From Wikimedia Commons, the free media repository
Jump to navigation Jump to search

RfD for registered users only?

I wish to propose a small change to the rules for deletion. Looking at RfDs like this that look to me like more a revenge RfD by a German registered user that acts as logged out user (it's just an example: here is plenty of RfD raised by IPs), can we improve the policy stating that only registered and autoconfirmed users can open RfDs? All in all it takes a registered user to upload, thus I don't see why also the RdD shouldn't be done by an user who should be accountable in front of the community and not anonymous. -- SERGIO (aka the Blackcat) 10:48, 27 March 2019 (UTC)

Wikimedia Commons text contributions to remain CC-BY-SA by policy

Proposal

Wikimedia Commons text contributions are given as CC-BY-SA. This includes all non-trivial contributions.

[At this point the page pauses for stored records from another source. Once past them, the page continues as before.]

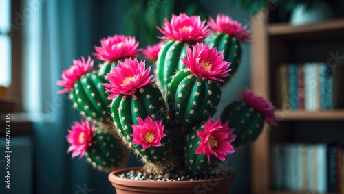 © AImmersive Imagery, Obraz premium Christmas Blooming Cactus with Deep Rose Double Flowers
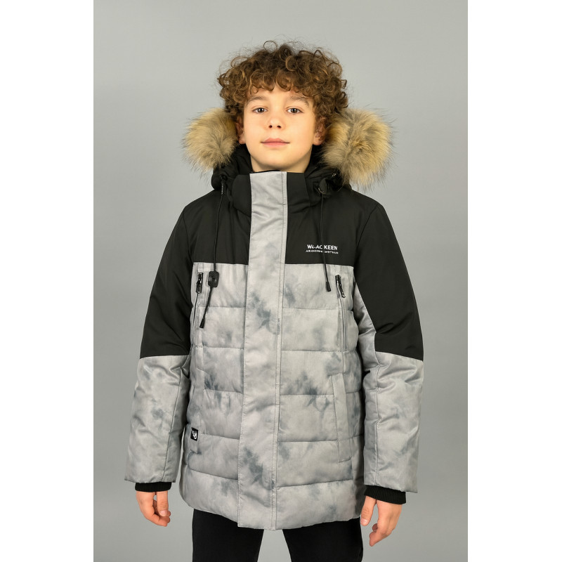Куртка WKAS для мальчика 8-12 лет зимняя теплая с капюшоном и натуральным мехом,Серый, 128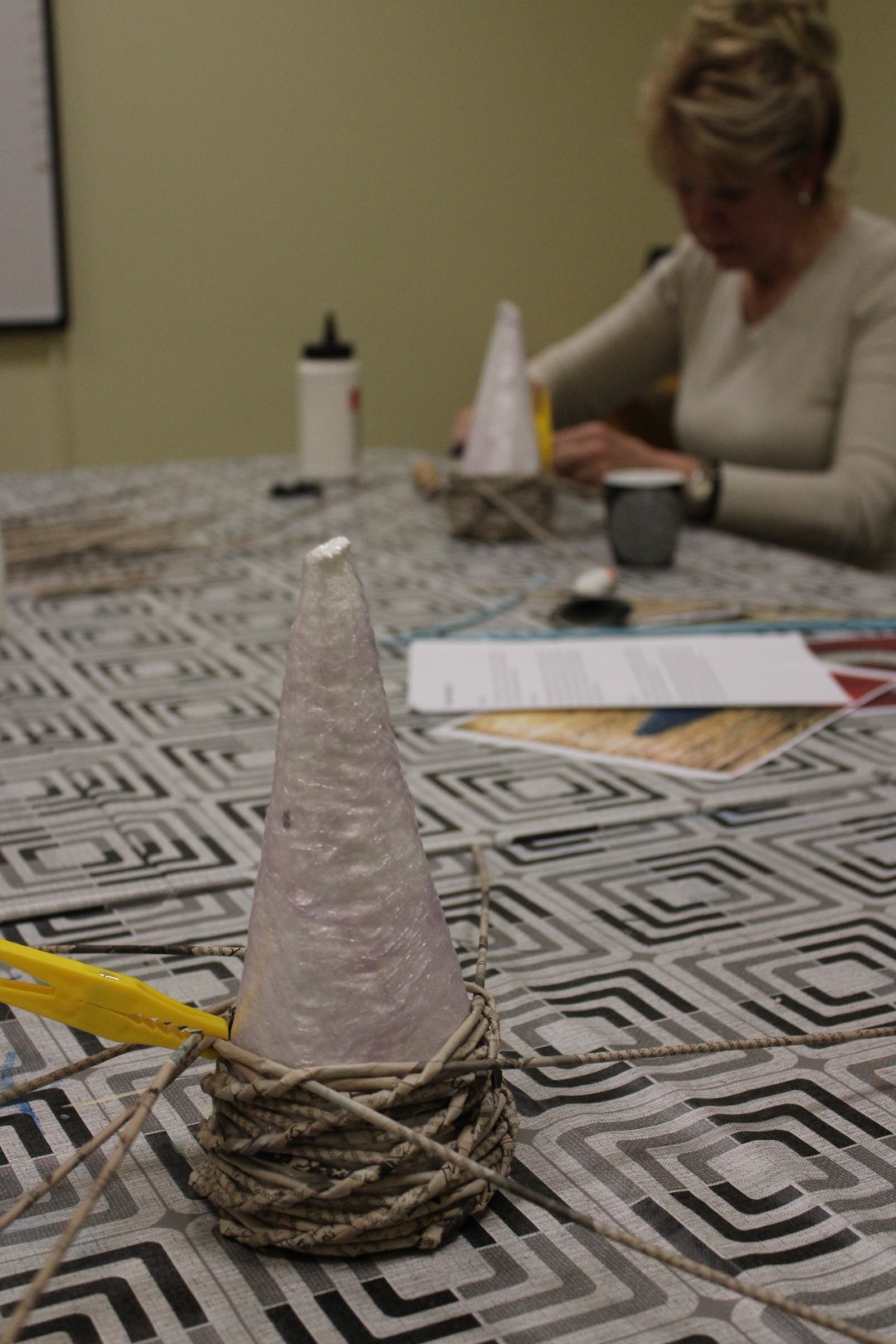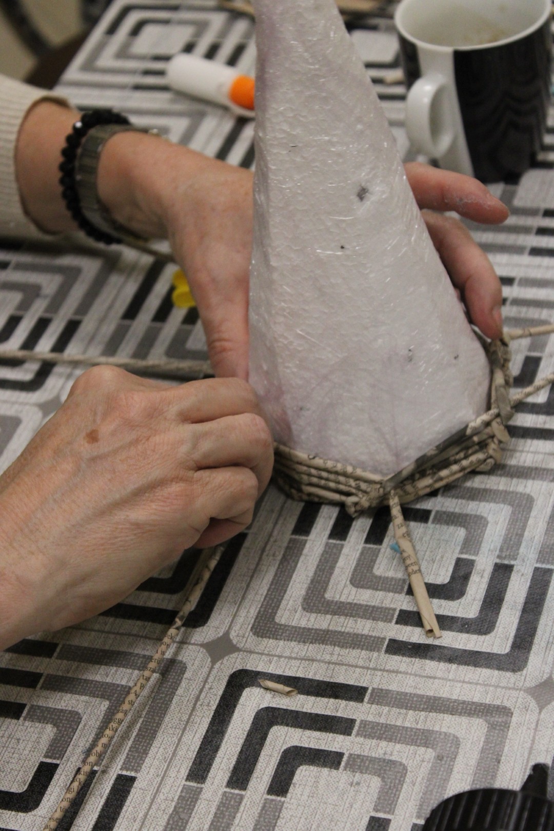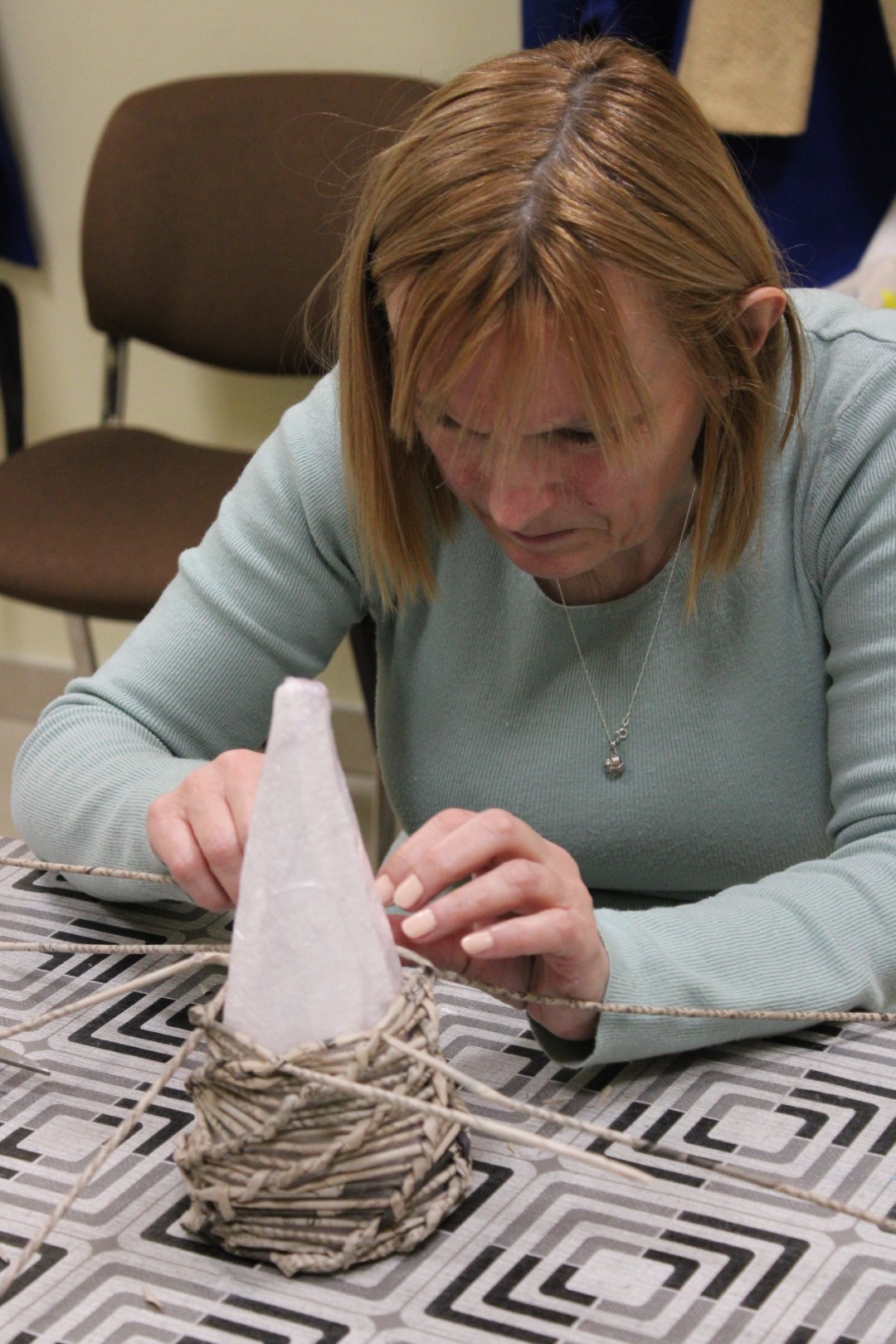 A hétfő délután ismét a papírfonó szakkör tagjaié volt alapítványunk épületében. Új technika elsajátítása volt soron ezúttal, méghozzá a spirálfonással ismerkedtek meg a csoporttagok. Ez a fonási mód többféle tárgy elkészítésére alkalmas. Ezen a napon karácsonyfa készítésébe fogtak a résztvevők, amit majd más, ezzel a technikával alkotott darab is követ majd.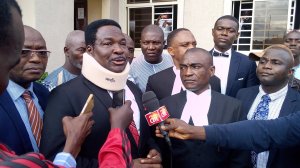 (Sen. Jang’s Legal Team, headed by Chief Mike Ozekhome (SAN) briefing Press.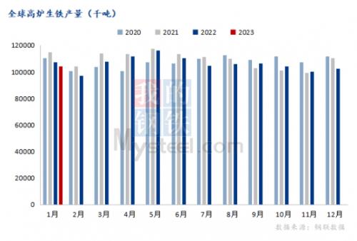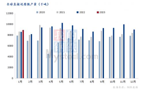 根据世界钢铁协会公布的最新统计数据显示,2023年月份全球高炉生铁总产量较2022年12月份相比小幅增加,全球直接还原铁产量较2022年12月份相比小幅减少。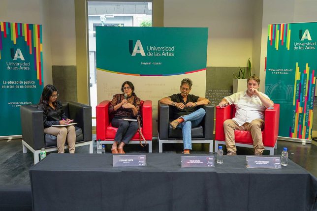 “Dislocar” y “Pacha” fueron los proyectos de investigación y vínculo que la Universidad de las Artes presentó la mañana del 6 de noviembre en la sesión inaugural de la I Jornada Interuniversitaria que nos reunió con Casa Grande, anfitriona de esa primera cita, y Universidad del Río. Por la tarde, y desde la UDR, de nuestra institución se abordaron “Derivas” y “Encarnar el saber”. De las otras IES también hubo exposiciones.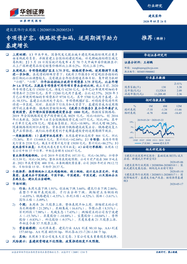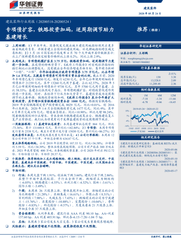 【华创证券】【20200524】建筑装饰行业周报:专项债扩容,铁路投资加码,逆周期调节助力基建增长-19页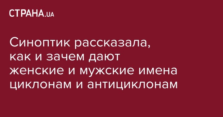 В среду, 1 мая, синоптик Наталья Диденко рассказала, почему циклонам дают разные имена. Об этом она сообщила на своей странице в соцсети Facebook.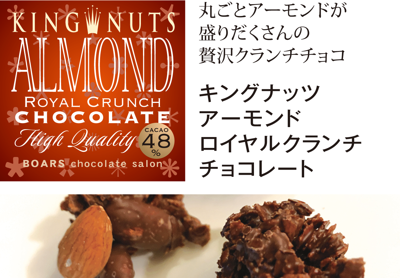 ハイカカオ・クーベルチュール(ガーナ産)と、クラッシュアーモンドで、「高級感&ワイルド感」を同時に楽しめるロイヤルクランチ・チョコレート。

Trivial contributions may be presumed to be donated as CC0, such as button click choices of related Wikidata items or the data for drawing boxes for annotations. Trivial text of either a purely technical nature or very short "facts" in metadata format, may be scraped as CC0 data where the text is legally ineligible for copyright, and contains no subjective, creative or personal content. Any text as complex as a sentence, descriptive title, or a subjective list, must be presumed to be non-trivial unless independently contributed from a CC0 or public domain source.

Background

The standard Commons page footer on copyright for contributions was recently changed, fundamentally changing the respect for attribution of user text contributions that was established for Wikimedia Commons when it was launched. A consequence of this change is that all "structured" user entered text may be mass scraped and commercially reused without attribution, which is most likely to be quickly monetized by large commercial internet reusers such as Google and Amazon. There has been no proposal or associated community consensus to support the change, this proposal corrects that gap.

Thanks -- (talk) 17:45, 28 March 2019 (UTC)

Votes (CC-BY-SA text contributions by policy)

Titles and captions can and do have copyrightable content, there is currently nothing to stop this happening. -- (talk) 19:55, 1 April 2019 (UTC)
+1 and if all are really PD, we wouldn't need the license CC-0 --Habitator terrae 🌍 20:58, 1 April 2019 (UTC)
I definitely agree that captions and titles can contain copyrighted text, but that's the exception not the rule (and why we have the CC0 license just in case). Giving our structured data a more rigid license would just cause confusion and headaches for no good reason, IMO. The whole idea behind structured data is to provide metadata that can easily be reused along-side our media in a wide variety of contexts. Forcing re-users to credit not only the media author, but every author of every piece of displayed metadata would be counterproductive, especially in mobile contexts where space is limited. (Note that this is just my opinion as a volunteer and carries no official weight.) Kaldari (talk) 21:38, 1 April 2019 (UTC)
This is off topic, but could you provide the analysis somewhere else that CC0 text under the banner of 'structured data' is not being used to abuse the moral rights of contributors in the same proportion as copyvios that exist for any other type of contribution to this project? I did not believe that such an analysis existed. Thanks -- (talk) 09:10, 2 April 2019 (UTC)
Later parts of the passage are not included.